Is any of the book based on your own experiences?

Some, but not all.  ‘Army Sworn Statement’, for example, is about sexual abuse in the military. I’ve never served in the military nor have I been sexually abused, in which case I constantly asked the question, “What right do I have to address this heavy issue?”  The result, I kept a great distance between myself as the writer and the subject matter.  I did this by keeping the exact number of letters in my interpretation as found on the original form.  Each letter, word, was simply replaced.  In contrast, ‘Divorcee’ is incredibly personal, in particular the last paragraph under ‘WARNING – IMPORTANT INFORMATION.’  Overall, ‘Paperwork’ it’s a mixture of personal experience and complete fiction.

 

Is there a story behind the cover art?

The cover is the work of the talented artist and illustrator, Eric Piatkowski.  I’ve had the fortune of knowing Eric for nearly two decades.  We met in middle school, were on stage together in high school, we lived together in college, and I had the pleasure of reciting a poem at his wedding.  Needless to say when I approached him with this opportunity I had the utmost trust in his work.  While he was reading ‘Paperwork’ the image on the cover repeatedly came to mind.  

 

How do you feel about non-profit publishing?

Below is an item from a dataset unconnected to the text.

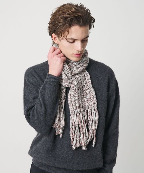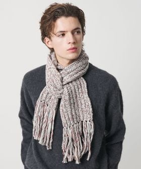 ウールにカシミヤをブレンドした太番手糸を贅沢に使い、空気を含むようにざっくりと編み立てたリブマフラーです。

Non-profit publishing is an opportunity to showcase raw expression and art that may otherwise be overlooked by the larger more traditional for-profit publishers.  It provides writers a wonderful platform to share their work without any inkling of salesmanship or commercialization.  In addition, the reader is comforted in knowing the only demand placed on them is the written work itself.  However, most importantly, non-profit publishing (as well as small for-profit publishers who rarely, if ever, turn a profit) exemplify the passion and devotion people have to pushing the written word to new heights.       

 

Are you working on anything new at the moment?

As far as writing is concerned, I’m working on a collection of stories tentatively entitled ‘Detox in Chini Town.’   They’re written in first and third person depending on my comfort in addressing certain issues.  Each story stands on its own, however there is an overlying arch.  Essentially it’s a collection of short stories as a novel.  Alcoholism, China, and reincarnation are recurring themes.  Beyond that, I’m currently developing and teaching the first creative writing classes offered at a small college near Huadu, China.  The latter keeps me fairly busy, but it’s also fascinating and fulfilling.